I do not allow puppy choosing and cannot guarantee your gender preference (see below for more info on why). I absolutely will not accept your holding fee if you are not open to either gender. I certainly do try to keep your preference in mind and provide for you if/when I am able. If you’re approved via the application, and agree to the holding fee agreement and final puppy contract, and you place a holding fee, then you’ll get a puppy as long as everything goes as planned on our end. By buying a puppy from me, you WILL be held to a legal standard. Every puppy I sell is an extension of my family. There are certain goals I expect you to meet with your puppy, including training and waiting until the dog has matured sexually before sterilizing it, as well as a couple of things I do not allow (board and training sessions, breeding, etc.). I require and expect all new puppy owners to keep in touch with me over the entirety of their dog’s life.
PRICING: Healthy, well bred and sound dogs are not cheap. To reduce the amount of tire kickers I deal with, I don’t respond to the single line “how much?” question, at least until we’ve communicated or you’ve completed an application. Time is valuable, and I don’t want to waste yours or mine. If you’re looking for a show or performance puppy, then you likely already know what to expect. I am willing to work with those willing to show and title a dog, but those dogs are sold on a co-owned contract basis. I don’t advertise “sales,” “deals,” or do any kind of haggling. My puppies and their pedigrees are among the best in the United States, and they are priced accordingly and with consideration for the time and money that goes into raw feeding, care, supplies, healthcare and health testing. My puppies are priced the same no matter how old they are, or what “quality” they are (unless we ever happen to have a ridgeless).

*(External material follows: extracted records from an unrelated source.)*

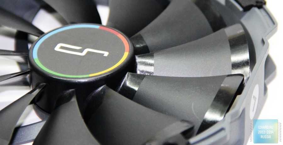 Скорость вращения вентиляторов в автоматическом режиме варьируется от 700 до 1300 об/мин. Уровень шума при этом может доставлять значения от 19 до 23 дБА. Максимально возможный воздушный поток 76 CFM.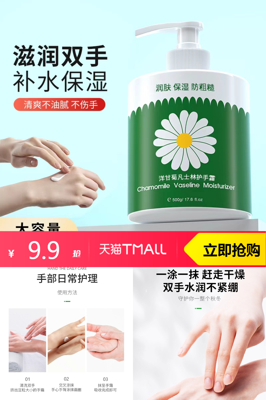 护手霜富含洋甘菊精华和凡士林成分,能深度滋养肌肤,锁住水分,让你的双手保持湿润、柔软。它不仅能防止手部肌肤干燥,还能舒缓肌肤不适,使你的手部肌肤焕发自然光彩。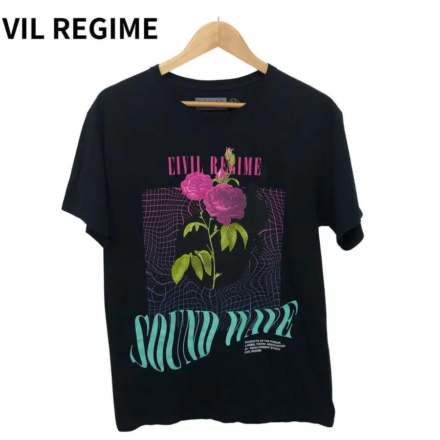 시빌 레짐 꽃무늬 블랙 T셔츠 반팔 프린트 빅 로고 둥근넥 S

SHIPPING: I don’t trust the airlines with puppies, so I do not ship through them. However, there are puppy-nanny services available that meet my expectations and requirements of a safe and trauma-free experience for a puppy. I’ve been able to privately send puppies as far as California, and I’ve delivered personally. Additionally, sometimes multiple buyers are able to split transportation fees if the logistics workout. Transportation is typically $300+, and I can also personally transport a puppy within a few hundred miles for a fee. Talk to me for more info.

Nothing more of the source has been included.